- TRY IT
Everything in the data that follows should be given again verbatim, except the images.

- DATA EXTRACT
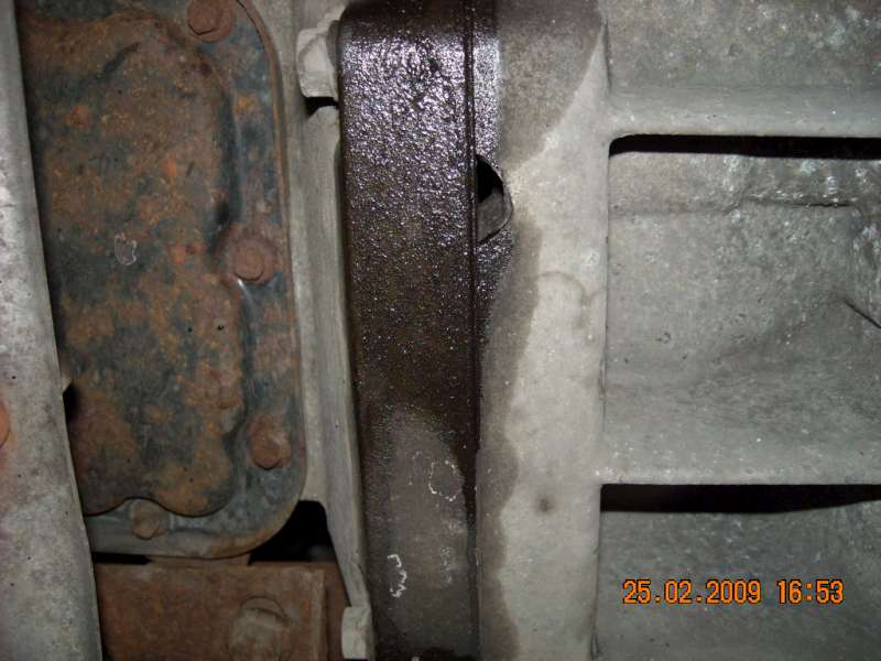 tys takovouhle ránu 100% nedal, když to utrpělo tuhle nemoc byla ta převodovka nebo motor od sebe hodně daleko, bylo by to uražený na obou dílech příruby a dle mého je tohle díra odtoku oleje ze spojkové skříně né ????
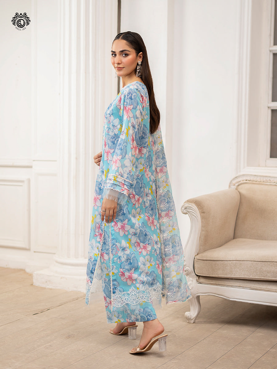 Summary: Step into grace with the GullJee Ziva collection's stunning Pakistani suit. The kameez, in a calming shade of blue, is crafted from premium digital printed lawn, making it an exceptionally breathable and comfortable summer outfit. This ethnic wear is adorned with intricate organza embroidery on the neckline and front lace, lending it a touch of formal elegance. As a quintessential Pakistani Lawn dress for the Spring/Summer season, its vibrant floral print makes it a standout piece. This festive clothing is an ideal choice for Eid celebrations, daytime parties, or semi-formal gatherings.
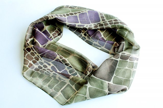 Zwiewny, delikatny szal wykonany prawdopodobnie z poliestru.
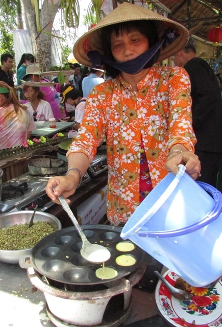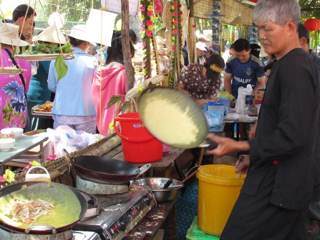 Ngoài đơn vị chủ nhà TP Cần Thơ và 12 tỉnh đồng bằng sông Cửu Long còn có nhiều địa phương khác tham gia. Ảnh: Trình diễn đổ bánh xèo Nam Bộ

- YOUR RESPONSE
 tys takovouhle ránu 100% nedal, když to utrpělo tuhle nemoc byla ta převodovka nebo motor od sebe hodně daleko, bylo by to uražený na obou dílech příruby a dle mého je tohle díra odtoku oleje ze spojkové skříně né ????
 Summary: Step into grace with the GullJee Ziva collection's stunning Pakistani suit. The kameez, in a calming shade of blue, is crafted from premium digital printed lawn, making it an exceptionally breathable and comfortable summer outfit. This ethnic wear is adorned with intricate organza embroidery on the neckline and front lace, lending it a touch of formal elegance. As a quintessential Pakistani Lawn dress for the Spring/Summer season, its vibrant floral print makes it a standout piece. This festive clothing is an ideal choice for Eid celebrations, daytime parties, or semi-formal gatherings.
 Zwiewny, delikatny szal wykonany prawdopodobnie z poliestru.
 Ngoài đơn vị chủ nhà TP Cần Thơ và 12 tỉnh đồng bằng sông Cửu Long còn có nhiều địa phương khác tham gia. Ảnh: Trình diễn đổ bánh xèo Nam Bộ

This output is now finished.